Guedeney P, Farjat-Pasos JI, Asslo G, Roule V, Beygui F, Hermida A, Gabrion P, Leborgne L, Houde DC, Huang F, Lattuca B, Leclercq F, Mesnier J, Abtan J, Rouanet S, Hammoudi N, Collet JP, Zeitouni M, Silvain J, Montalescot G, Rodés-Cabau J; AIR-FORCE group.

Abstract

Background

Temporary dual antiplatelet therapy (DAPT) is recommended following patent foramen ovale (PFO) percutaneous closure although its benefit, compared to single antiplatelet therapy (SAPT), has not been demonstrated in this setting.

Aims

We aimed at assessing outcomes following PFO closure according to the antiplatelet strategy at discharge.

Methods

The ambispective AIR-FORCE cohort included consecutive patients from seven centres in France and Canada undergoing PFO closure and discharged without anticoagulation. Patients treated in French and Canadian centres were mostly discharged with DAPT and SAPT, respectively. The primary endpoint was the composite of death, stroke, transient ischaemic attack, peripheral embolism, myocardial infarction, or BARC type ≥2 bleeding with up to 5 years of follow-up. The impact of the antiplatelet strategy on outcomes was evaluated with a marginal Cox model (cluster analyses per country) with inverse probability weighting according to propensity score.

Results

A total of 1532 patients (42.2% female, median age: 49 [40–57] years) were included from 2001 to 2022, of whom 599 (39.1%) were discharged with SAPT and 933 (60.9%) with DAPT, for ≤3 months in 894/923 (96.9%) cases.
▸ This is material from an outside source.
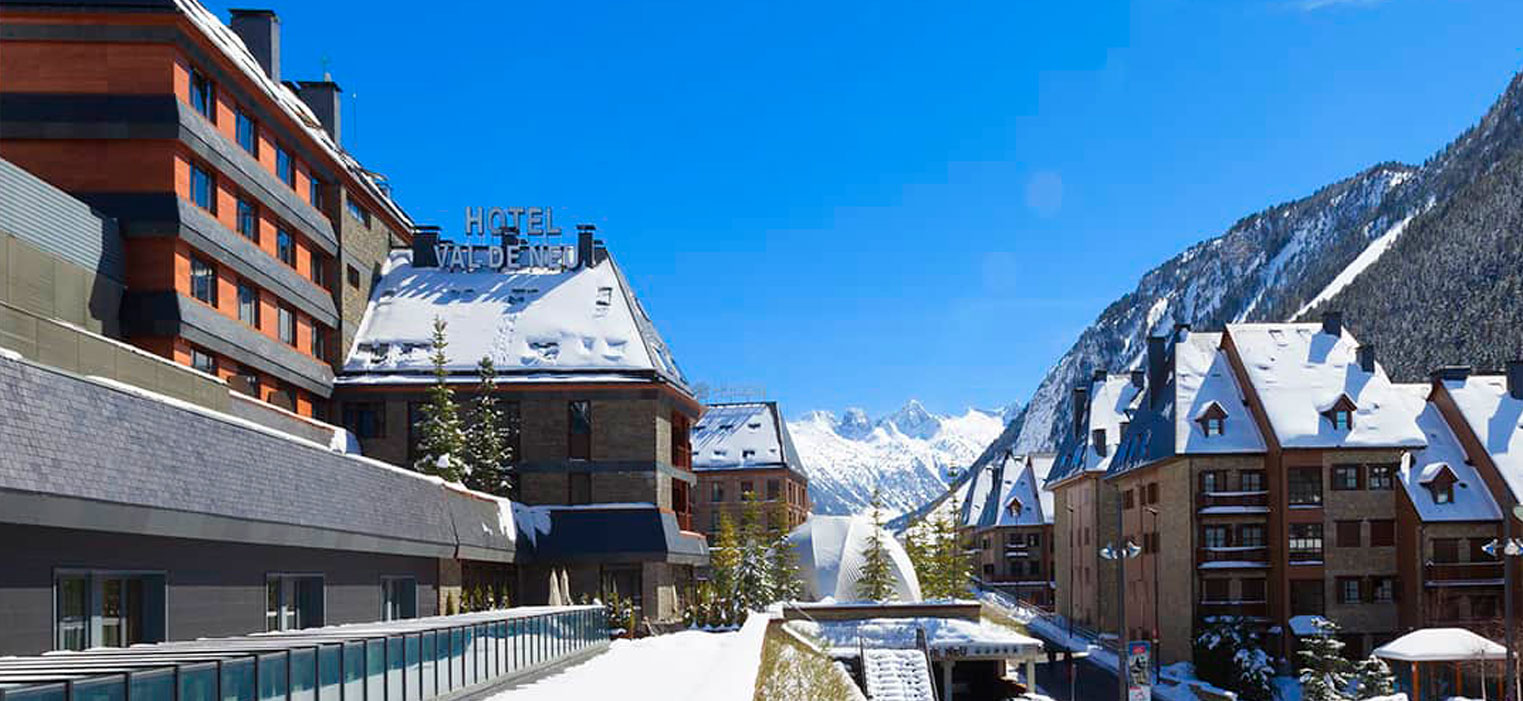 El hotel Val de Neu de 5 estrellas GL esta situado en la nueva cota 1500, una privilegiada ubicación al lado del nuevo centro comercial y de ocio y a escasos 50 metros del nuevo telecabina de la estación. Un lujoso hotel con una exquisita combinación de materiales a base de madera y pizarra para no romper la armonía del espectacular entorno en el que se encuentra.
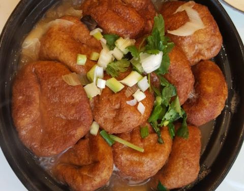 - 好像是旅游团的定点餐厅,饭点儿有许多大巴车旅游团来吃团餐,大厅比较大,吃了本地著名的过油肉,口味很正

After a median follow-up of 2.4 [1.1–4.4] years, a total of 58 events were observed. In the weighted analysis, the rate of the primary endpoint up to 5 years was 7.8% in the SAPT strategy and 7.3% in the DAPT strategy (weighted hazard ratio 1.04, 95% confidence interval 0.59–1.83).

Conclusions

The antiplatelet strategy following PFO closure did not seem to impact clinical outcomes, thus challenging the current recommendations of temporary DAPT.